Questa mia recita si conclude dicendovi, lettori, al di là del palco, che mi guardate nella camera mortuaria numero sette con le tirate fossette sul mento, che soltanto il serpente che sta in Dioniso nel suo lato sinistro, sarò comunista?, poteva declamare che l’avventura estetica utile che possa aspirare alla bellezza sta nella trance, nell’estasi, nell’essere, fin dai miei tempi greci arcaichi, e che questa via l’ho insegnata a tanti, tra cui Fuseli-Fussli e Giacometti e Piranesi, e Shakespeare,  e Nietzsche, perché la natura profonda dell’uomo, e ancora più dell’artista, necessita che la Natura abbia la sua rivincita sulla Legge, sulla norma, ch’è prodotta sol dalla ragione. Soltanto così si ritorna all’armonia, all’equilibrio, però prima accade l’eccesso e la follia transitoria.

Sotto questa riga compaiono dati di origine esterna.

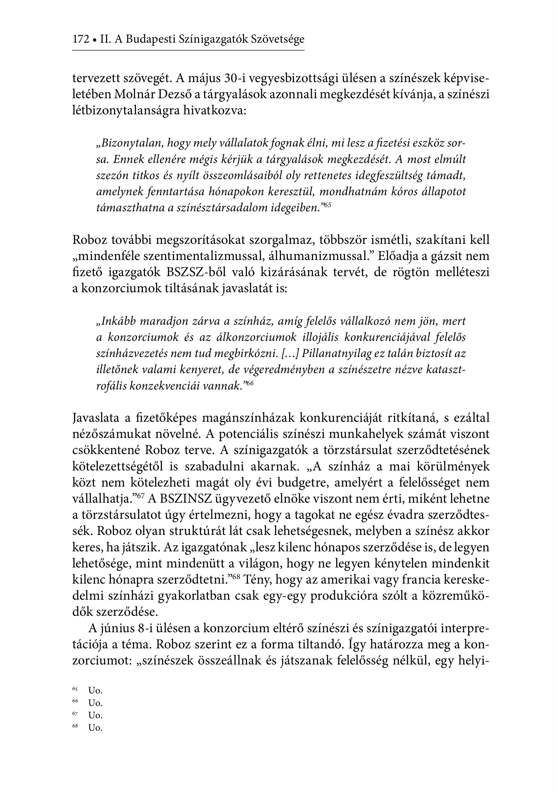 172 s II. A Budapesti Színigazgatók Szövetsége tervezett szövegét. A május 30-i vegyesbizottsági ülésen a színészek képviseletében Molnár Dezső a tárgyalások azonnali megkezdését kívánja, a színészi létbizonytalanságra hivatkozva: , Bizonytalan, hogy mely vállalatok fognak élni, mi lesz a fizetési eszköz sorsa. Ennek ellenére mégis kérjük a tárgyalások megkezdését. A most elmúlt szezón titkos és nyílt összeomlásaiból oly rettenetes idegfeszültség támadt, amelynek fenntartása hónapokon keresztül, mondhatnám kóros állapotot tamaszthatna a szinésztdrsadalom idegeiben.”” Roboz további megszorításokat szorgalmaz, többször ismétli, szakítani kell , mindenféle szentimentalizmussal, álhumanizmussal." Előadja a gázsit nem fizető igazgatók BSZSZ-ből való kizárásának tervét, de rögtön melléteszi a konzorciumok tiltásának javaslatát is: , Inkább maradjon zárva a színház, amíg felelős vállalkozó nem jön, mert a konzorciumok és az álkonzorciumok illojális konkurenciájával felelős színházvezetés nem tud megbirkózni. [...] Pillanatnyilag ez talán biztosít az illetőnek valami kenyeret, de végeredményben a színészetre nézve katasztrofális konzekvenciái vannak."§ Javaslata a fizetőképes magánszínházak konkurenciáját ritkítaná, s ezáltal nézőszámukat növelné. A potenciális színészi munkahelyek számát viszont csökkentené Roboz terve. A színigazgatók a törzstársulat szerződtetésének kötelezettségétől is szabadulni akarnak. , A színház a mai körülmények közt nem kötelezheti magát oly évi budgetre, amelyért a felelősséget nem vállalhatja." A BSZINSZ ügyvezető elnöke viszont nem érti, miként lehetne a törzstársulatot úgy értelmezni, hogy a tagokat ne egész évadra szerződtessék. Roboz olyan struktúrát lát csak lehetségesnek, melyben a színész akkor keres, ha játszik. Az igazgatónak , lesz kilenc hónapos szerződése is, de legyen lehetősége, mint mindenütt a világon, hogy ne legyen kénytelen mindenkit kilenc hónapra szerződtetni." Tény, hogy az amerikai vagy francia kereskedelmi színházi gyakorlatban csak egy-egy produkcióra szólt a közreműködők szerződése. A június 8-i ülésen a konzorcium eltérő színészi és színigazgatói interpretációja a téma. Roboz szerint ez a forma tiltandó. Így határozza meg a konzorciumot: , színészek összeállnak és játszanak felelősség nélkül, egy helyi65 Uo. 5 Uo. 4 Uo. 8 Uo.

Giasone Accio, l’autore, i personaggi nelle camere mortuarie vincono la recisione di Medea T. Vir perché ciò hanno vissuto. Va a loro il mio tenace affetto di Serpente dionisiaco e saggiamente –  serpente che non mente dinanzi ad una pastasciutta al dente -  auspico, che il soccombente calco di Euripide, e la donna che ispirò il personaggio all’autore reciso, intenda questa lezione morale e filosofica e artistica in ritrovata umanità. 

 

 

 

 

ACCADDE IL 17 LUGLIO 2011

NOTA IN LAPIDE

Il 17 luglio 2011 con un sms, ricevetti da Medea T. Vir notizia che quanto le avevo affidato, centinaia di file, e un libro del Canzoniere di Karoline Knabberchen, il Terzo "Viaggiatori da Biblioteca", e disegni, erano stati cancellati come “cose”. Ne richiedevo l'uso perché il poeta e saggista Giorgio Luzzi aveva in progetto di scrivere sul mio percorso letterario-artistico per una pubblicazione. E contavo di spedirgli miei scritti e la seconda parte di una  "Autoantologia" la cui la prima parte era stata pubblicata sull'annuario Tellus 30 "Nomi per 4 stagioni" nel 2009.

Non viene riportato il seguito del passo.